In Natural Language Processing (NLP) text data needs to be converted into numbers so that machine learning algorithms can understand it. One common method to do this is Bag of Words (BoW) model. It turns text like sentence, paragraph or document into a collection of words and counts how often each word appears but ignoring the order of the words. It does not consider the order of the words or their grammar but focuses on counting how often each word appears in the text.

**Key Components of BoW**

**Vocabulary:** It is a list of all unique words from the entire dataset. Each word in the vocabulary corresponds to a feature in the model.
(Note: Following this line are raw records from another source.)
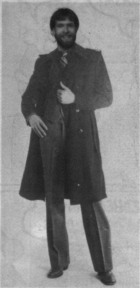
In the Home

This elegant outfit is perfect for lounging around the house reading a book or just watching TV with the family.
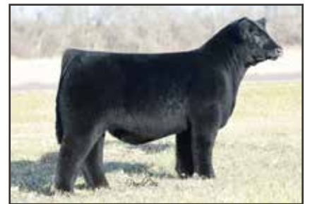
FIRES ZION 17H ET

Full Brother to Lot 108 & Sire of Lot 109
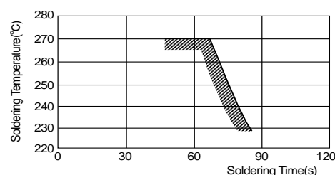
[Allowable Reflow Soldering Temperature and Time]

In the case of repeated soldering, the accumulated soldering time must be within the range shown above.
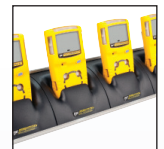
Five unit cradle charger

For a complete list of accessories, please contact BW Technologies by Honeywell.
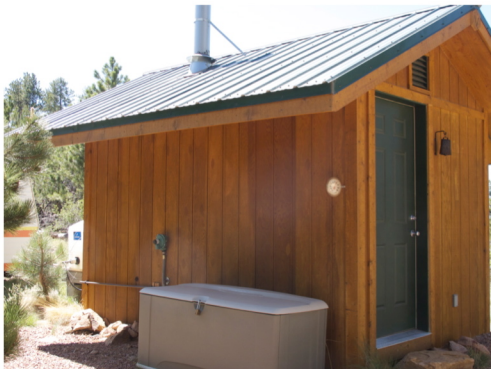
Storage Box for Hoses Pipes
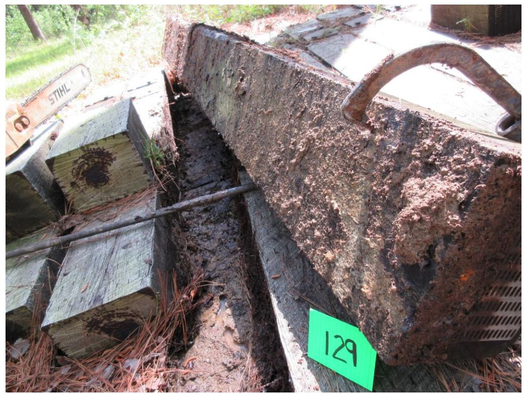
A25 - Tie #129 (KMG/red oak).
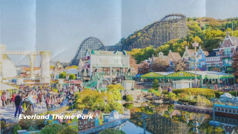
Everland Theme Park
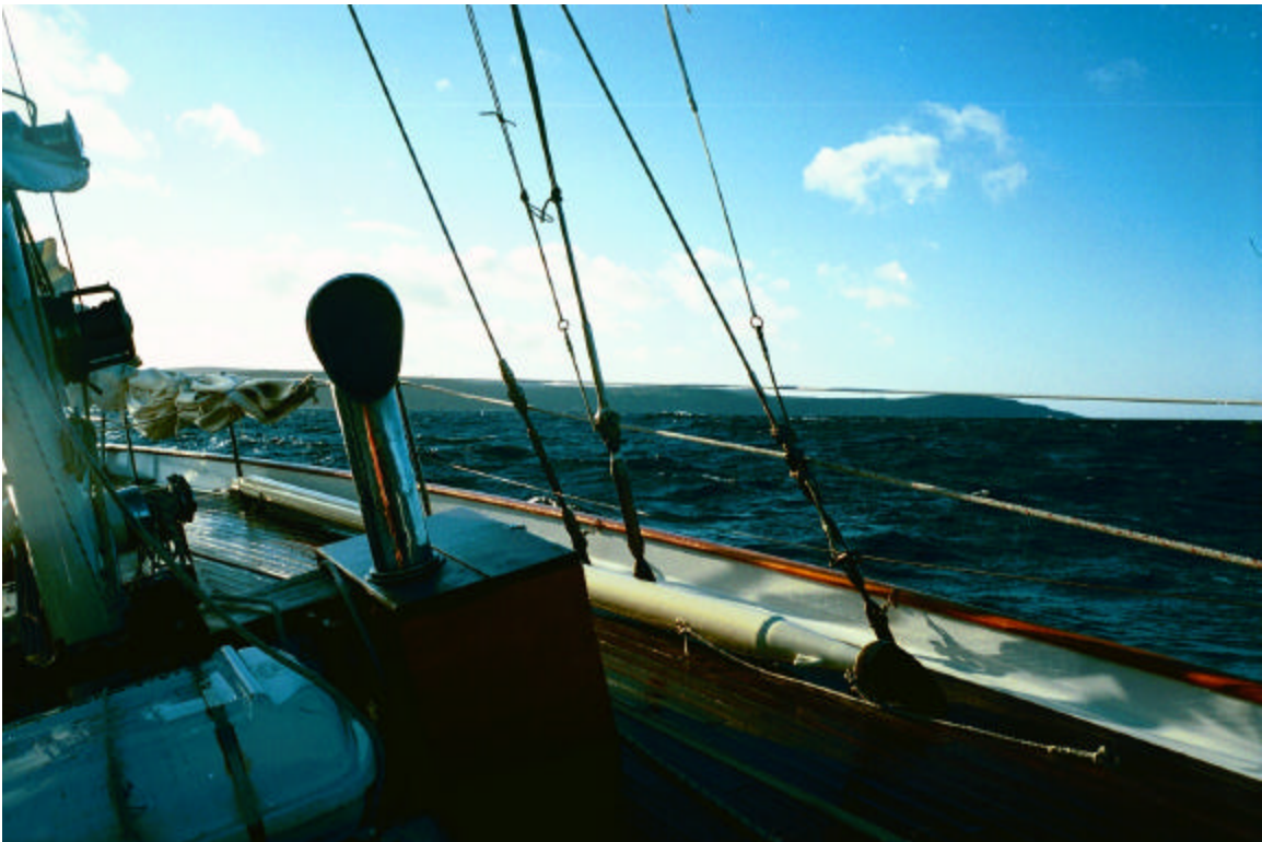
Sailing in Newfoundland. Note the integral deck boxes and tall Dorade ventilators.
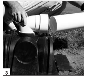
Connect inlet pipe.
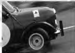
Timing strut

Cars are called down to the start in class order. Where a car is shared by another driver, the second driver (their numbers will start with a 7 or 9), will follow as soon as possible after the first driver's run. The entries are divided into classes, so that similar cars compete against each other. Each driver not only competes in his or her own race against the clock, but also against other drivers in cars of similar performance.
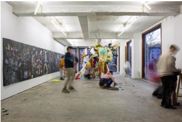
THE THING, 2022
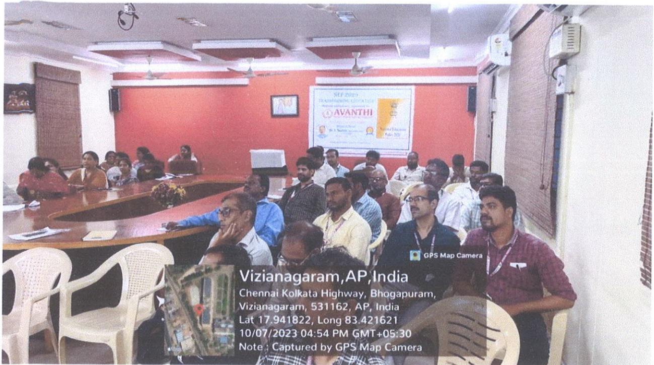
The faculty members listening to the lecture with rapt attention

www.aietta.ac.in, principal@aietta.ac.in
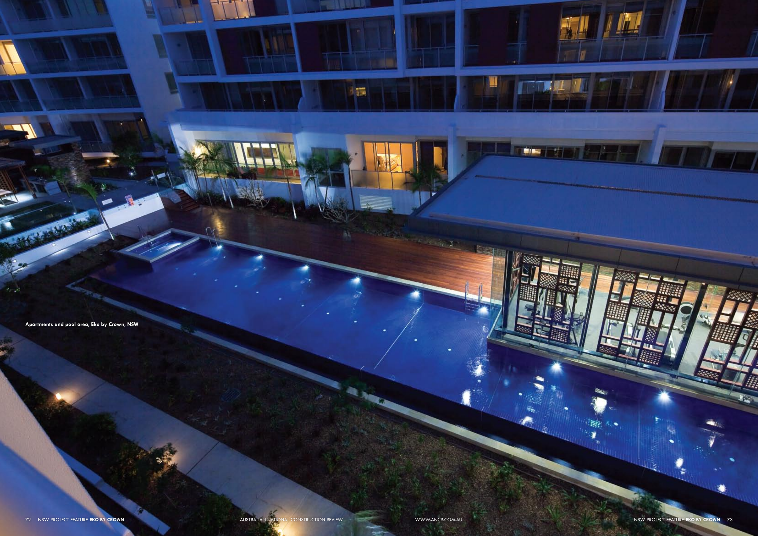
Apartments and pool area, Eko by Crown, NSW
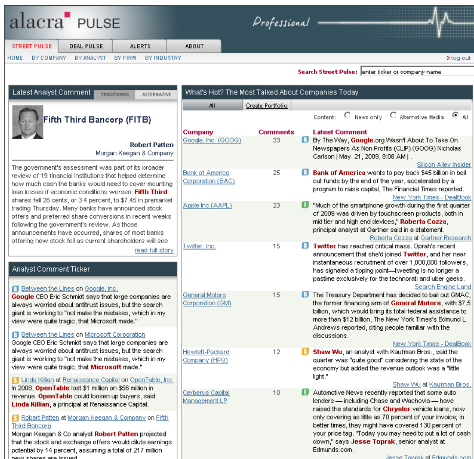
Fig 1 – Home Page of Alacra Pulse Professional: Street Pulse

"A search box on the top right allows users to search by company ticker or name."
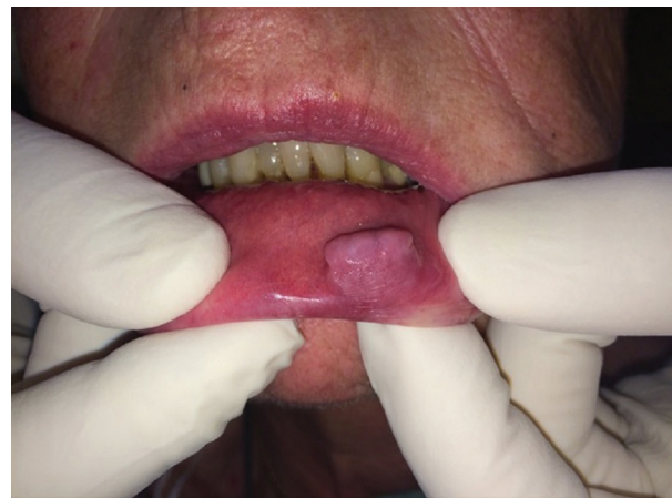
Fig. 1: Exophytic nodule on the lower lip in patient 1.

cine and Oral Pathology, School of Dentistry, National and Kapodistrian University of Athens, Greece for evaluation of an asymptomatic, exophytic nodule located on the lower lip. The patient had first noticed the lesion 4 months ago and since then it has been invariable. Her medical history was unremarkable and the last blood tests were within normal limits. On clinical examination, a well – circumscribed, penduculated, painless soft nodule was noted on the left side of the lower lip (Fig. 1). The lesion was covered by normal mucosa and
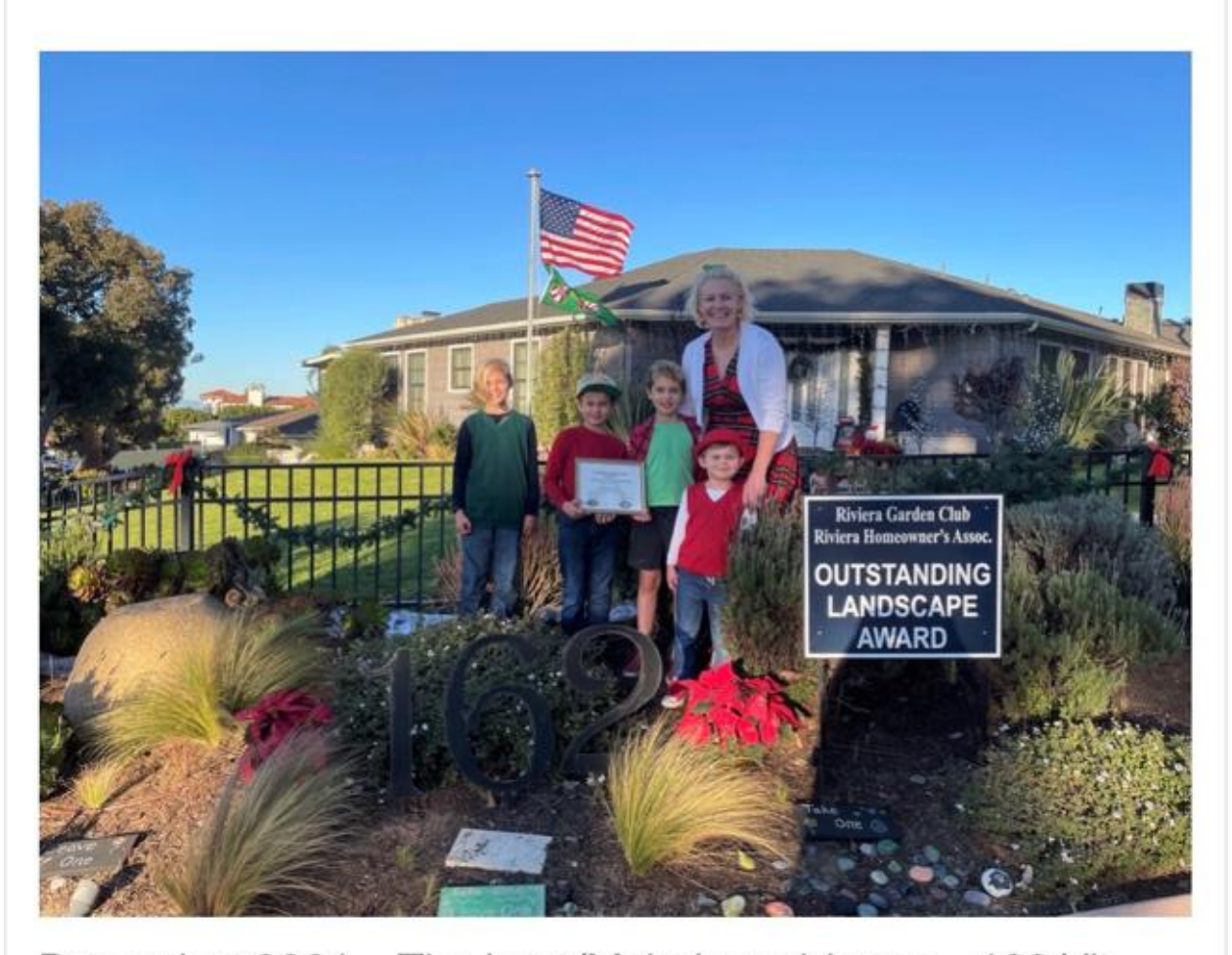
December 2021 – The Lent/Mykola residence – 162 Via Monte d Oro
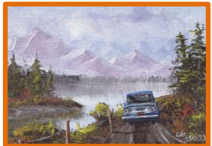
My painting, titled, "Rampside at the Lake," painted several years ago.

I usually have copies on hand, so contact me if you are interested. daveeva@comcast.net Visit: www.stoneislandseastories.com
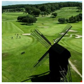
Address: Boarpsvägen 212, Båstad Internet: www.bgk.se
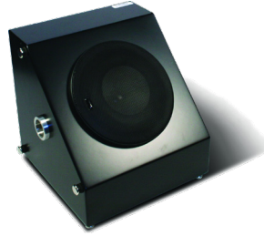
BAS003 Directional Source
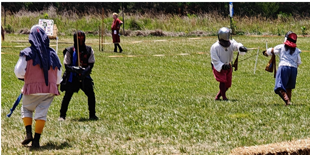
Rapier fights at 2026 Victory on the Vine.
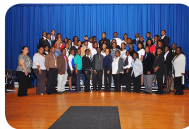
Honor students recognized at Spring Honors Convocation.

**Document Representation:** Each document is represented as a vector where each element shows the frequency of the words from the vocabulary in that document. The frequency of each word is used as a feature for the model.

In [1]:
import nltk
import re

para="Beans. I was trying to explain to somebody as we were flying in, that's corn. That's beans. And they were very impressed at my agricultural knowledge. Please give it up for Amaury once again for that outstanding introduction. I have a bunch of good friends here today, including somebody who I served with, who is one of the finest senators in the country and we're lucky to have him, your Senator, Dick Durbin is here. I also noticed, by the way, former Governor Edgar here, who I haven't seen in a long time and somehow he has not aged and I have. And it's great to see you, Governor. I want to thank President Killeen and everybody at the U of I System for making it possible for me to be here today. And I am deeply honored at the Paul Douglas Award that is being given to me. He is somebody who set the path for so much outstanding public service here in Illinois. Now, I want to start by addressing the elephant in the room. I know people are still wondering why I didn't speak at the commencement."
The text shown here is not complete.